The book will be useful to experts on language studies and advanced students with an interest in linguistics. It will serve as a catalyst to other researchers interested in the contrastive analysis of the English language. The results of the linguistic analyses described within will be valuable for practical applications in lexicography, language teaching and translation (both human and machine), including translator training.
Markéta Janebová is Assistant Professor of English at the Department of English and American Studies at Palacky University, Czech Republic. Her main research interests include pragmatic and contrastive linguistics, and she is one of the editors of the Olomouc Modern Language Series, the Olomouc Modern Language Monographs, and the Moravian Journal of Literature and Film.
Ekaterina Lapshinova-Koltunski is a Senior Lecturer at the Department of Language Science and Technology at Saarland University, Germany. Since completing her PhD on semi-automatic extraction and classification of language data, she has been working on corpus-based projects related to intralingual and interlingual language variation in a multilingual context.

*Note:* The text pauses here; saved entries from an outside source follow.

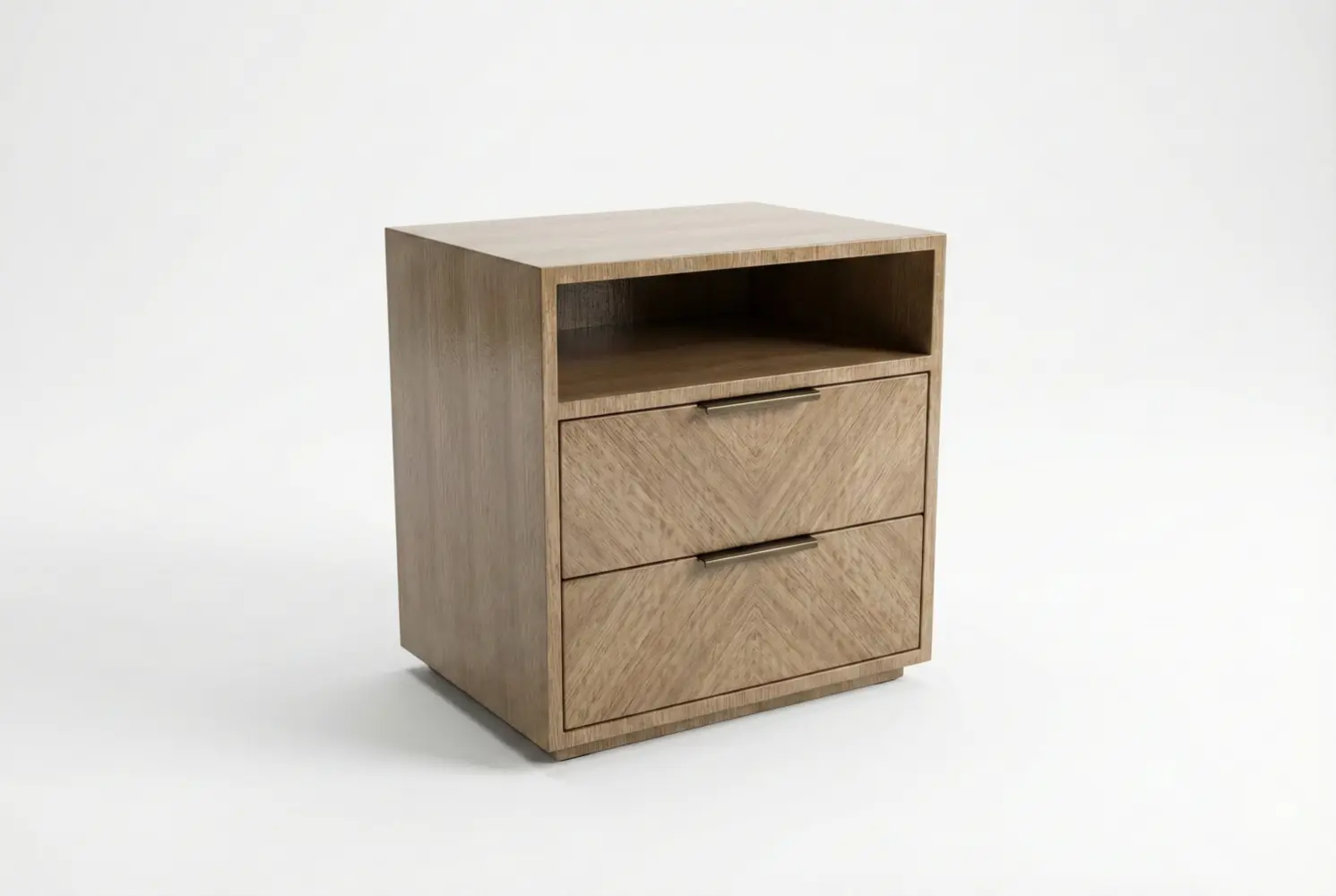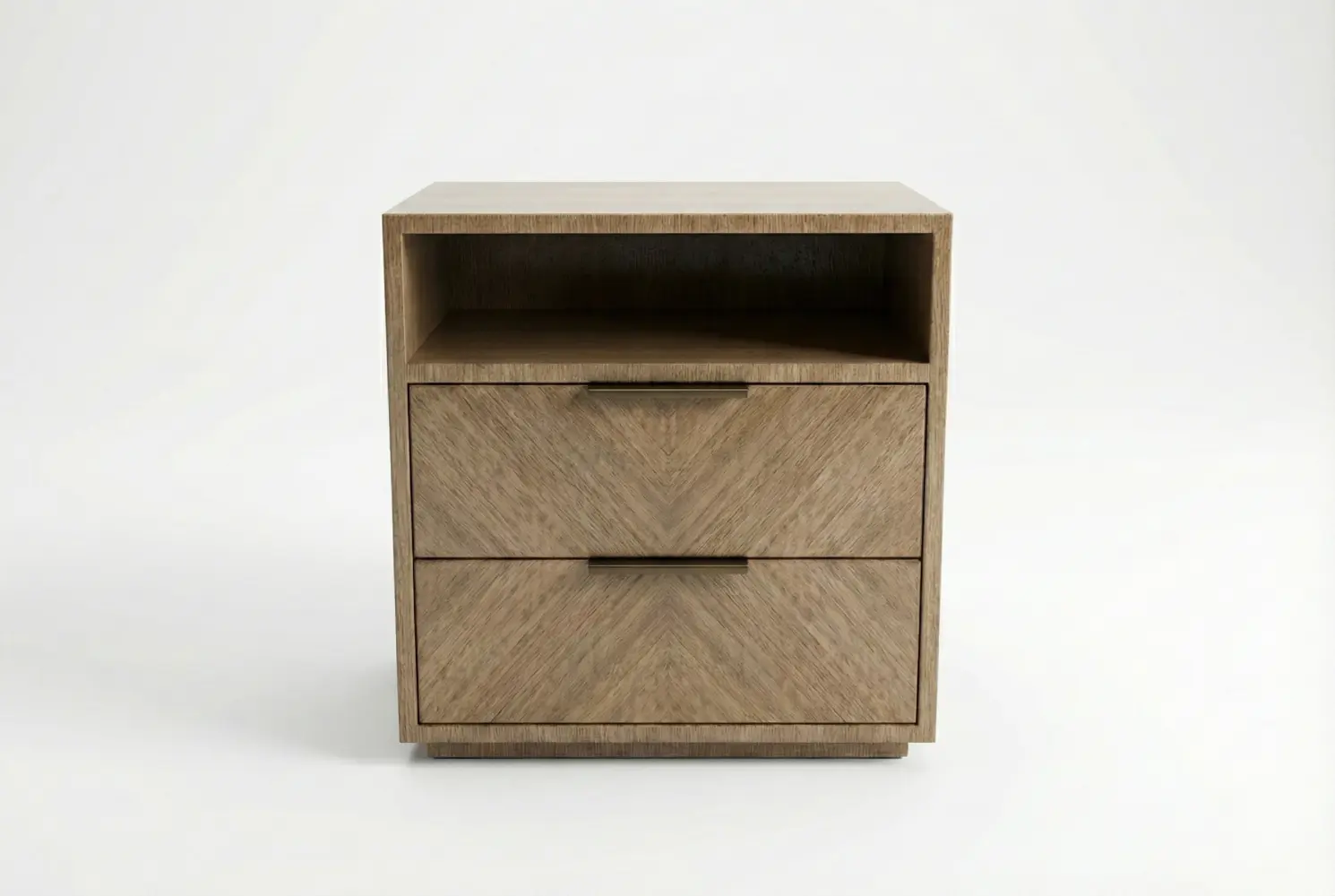 The Charlotte Nightstand exemplifies modern luxury through refined detailing and masterful craftsmanship. Its striking chevron wood veneer brings depth and visual movement to the two spacious lower drawers, while an open upper shelf offers both balance and everyday accessibility. The composition is thoughtfully designed to deliver both elegance and practical function within a clean, architectural silhouette.
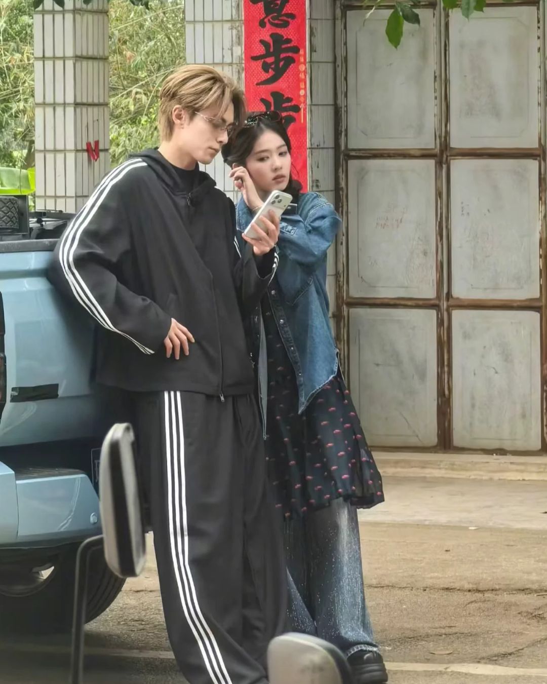 Ở những hình ảnh chụp tại hậu trường, Vương Hạc Đệ mặc toàn đồ đen nhưng lại nhuộm tóc nâu sáng, trông như boy phố cà lơ phất phơ, còn Bạch Lộc mặc váy dài ngoài quần jeans vô cùng đáng yêu. Hai người bị bắt gặp đứng trước quầy thịt lợn, thảo luận với chủ quán về việc mua gì, khiến cư dân mạng không khỏi xuýt xoa rằng khung cảnh đời thường như thế này thực sự quá hiếm gặp.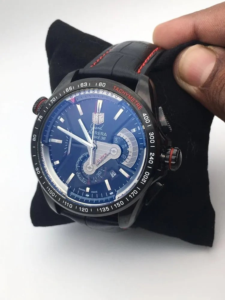 Tagheuer GRAND CARRERA Caliber 36 Racing Edition Quartz Watch Black Chronograph and Leather Black Strap Dated Watch For Men's -TAG-IT-7878_Men's Wristwatch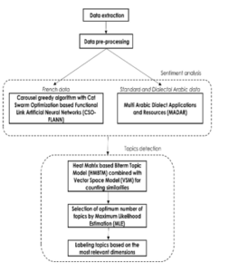 Therefore, and to test our approach, we have looked at two socio-political issues: (I1) ‘opinions about politics’ and (I2) ‘perceptions of freedoms’. For the first theme, we have collected data (posts and comments) corresponding to the following queries: ‘politique’, ‘gouvernement’, ‘politique gouvernementale’, ‘سياسة’, ‘حكومة’, and ‘السياسة الحكومية’. The second theme was examined using three tags: ‘libertés’, ‘حرية’, and ‘الحريات’.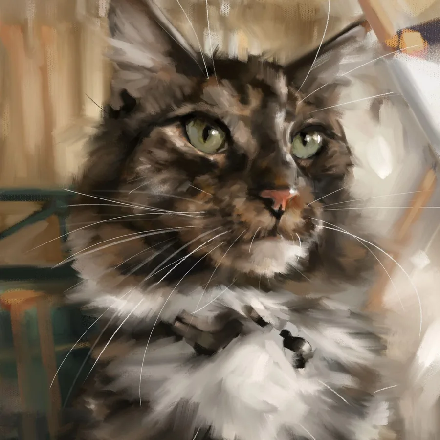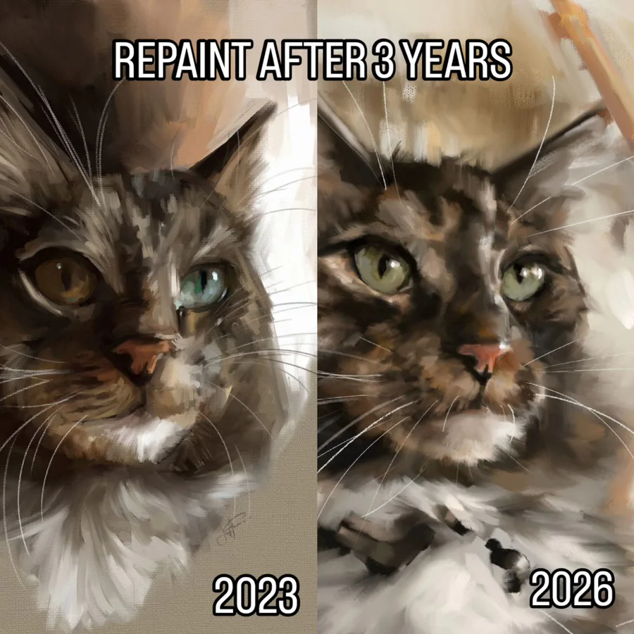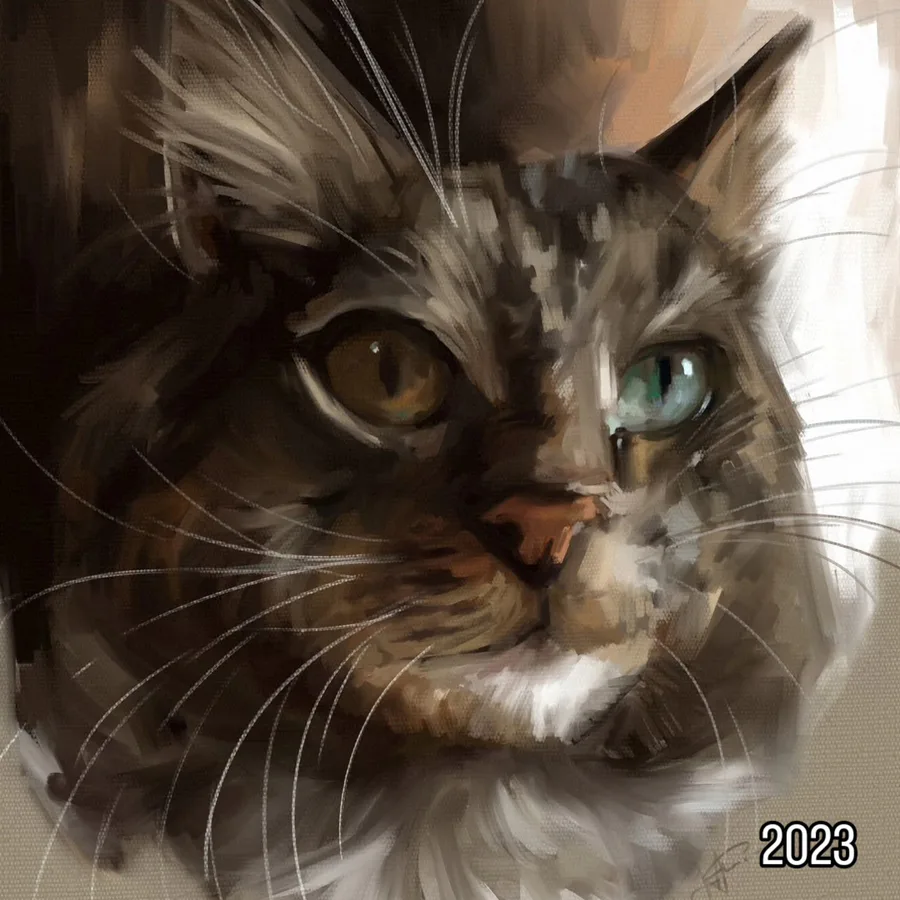 i decided to do something different while moving : ) i painted an old reference of my cat gif, i really love this photo and i wanted to paint it again : )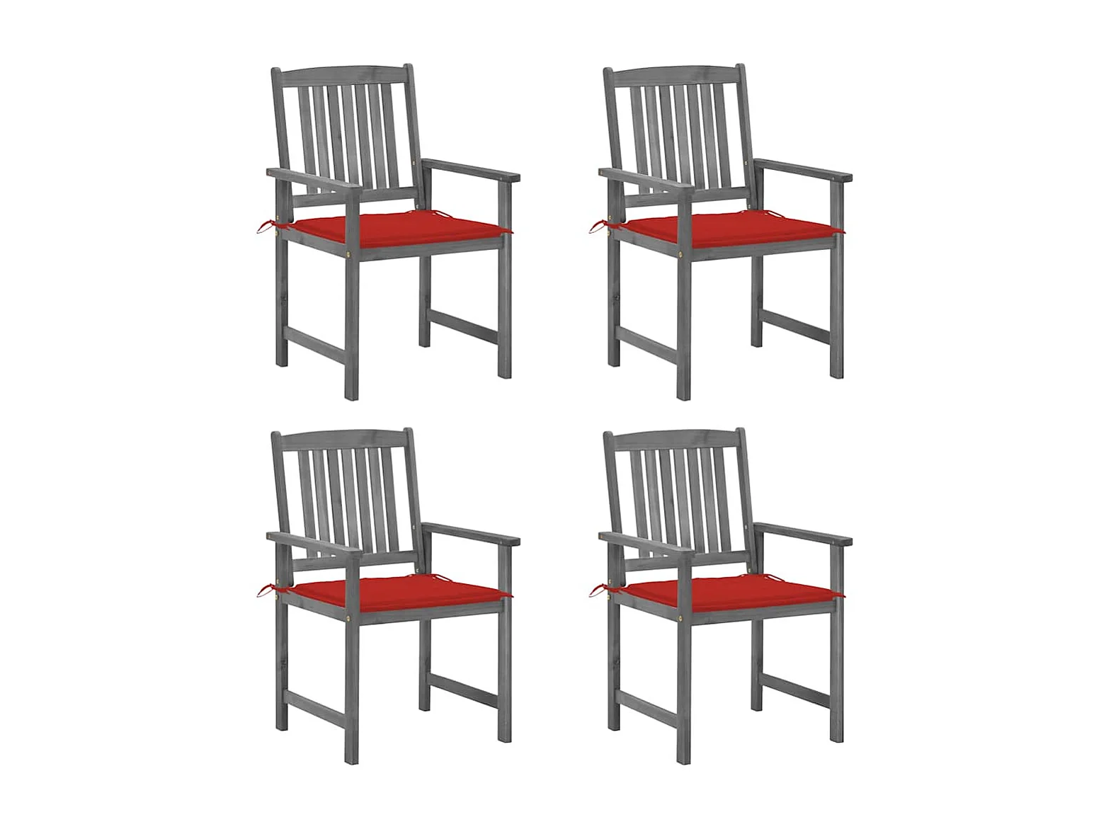 Set di 4 sedie e cuscini da giardino in legno massello di acacia grigio

Her main focus is on language contrasts between English and German, especially in the area of discourse phenomena.
Michaela Martinková is Assistant Professor of English at the Department of English and American Studies at Palacky University, Czech Republic. As part of her PhD studies, she spent a year at the Department of Linguistics, University of California, USA, where she carried out research on the conceptualization of space. In her research, she concentrates on corpus-based contrastive analyses of English and Czech, with a focus on lexical semantics.